*** RECORDS PROVIDED ***

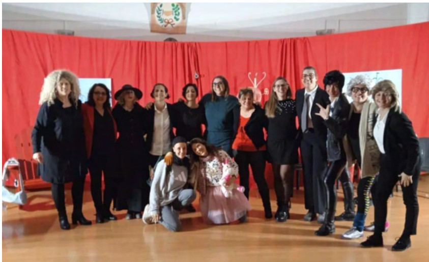
Sognatrici in "Mary Poppins"
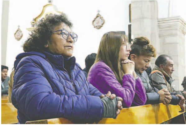
Famílias fueron parte de la misa de la Última Cena del Señor

Después de la misa, las familias realizaron la tradicional visita a los siete templos la cual simboliza el acompañamiento de los fieles a Jesús en cada uno de sus recorridos desde la noche en que fue apresado hasta su crucifixión.
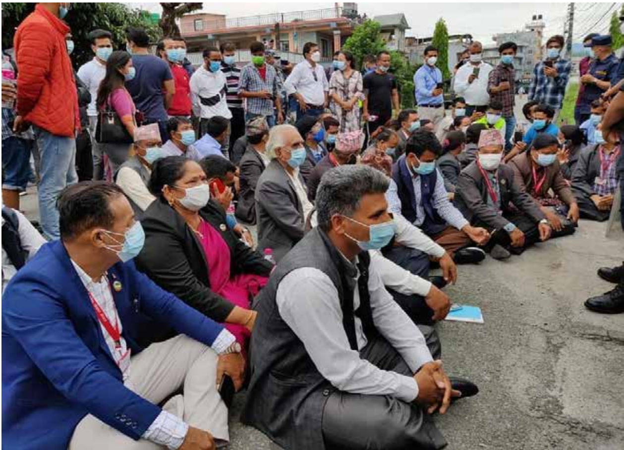
गण्डकी प्रदेश प्रमुखको निवास अगाडि विपक्षी दलहरूले धर्ना : गण्डकी प्रदेशमा मुख्यमन्त्री नियुक्तिका लागि ३१ जना सदस्यको हस्ताक्षरसहित दावी पेश गरेका दलहरूले ढिला सुस्ती गरेको भन्दै गण्डकी प्रदेश प्रमुखको निवास अगाडि धर्ना दिएका थिए।
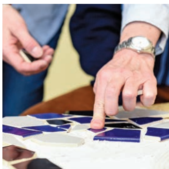
Schwarz, Weiß, Blau: Die Vereinsfarben von Arminia Bielefeld.
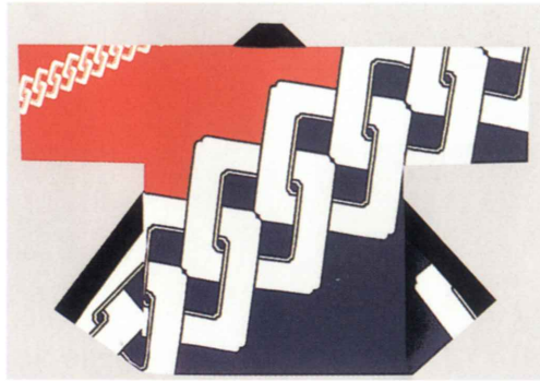
大くるわつなぎ 生地：タッサーフロード 身丈約80cm

*** End of RECORDS PROVIDED ***

→ **EXERCISE**
Collect from the data above every line that includes "misa".

→ **WRITTEN RESPONSE**
Famílias fueron parte de la misa de la Última Cena del Señor
Después de la misa, las familias realizaron la tradicional visita a los siete templos la cual simboliza el acompañamiento de los fieles a Jesús en cada uno de sus recorridos desde la noche en que fue apresado hasta su crucifixión.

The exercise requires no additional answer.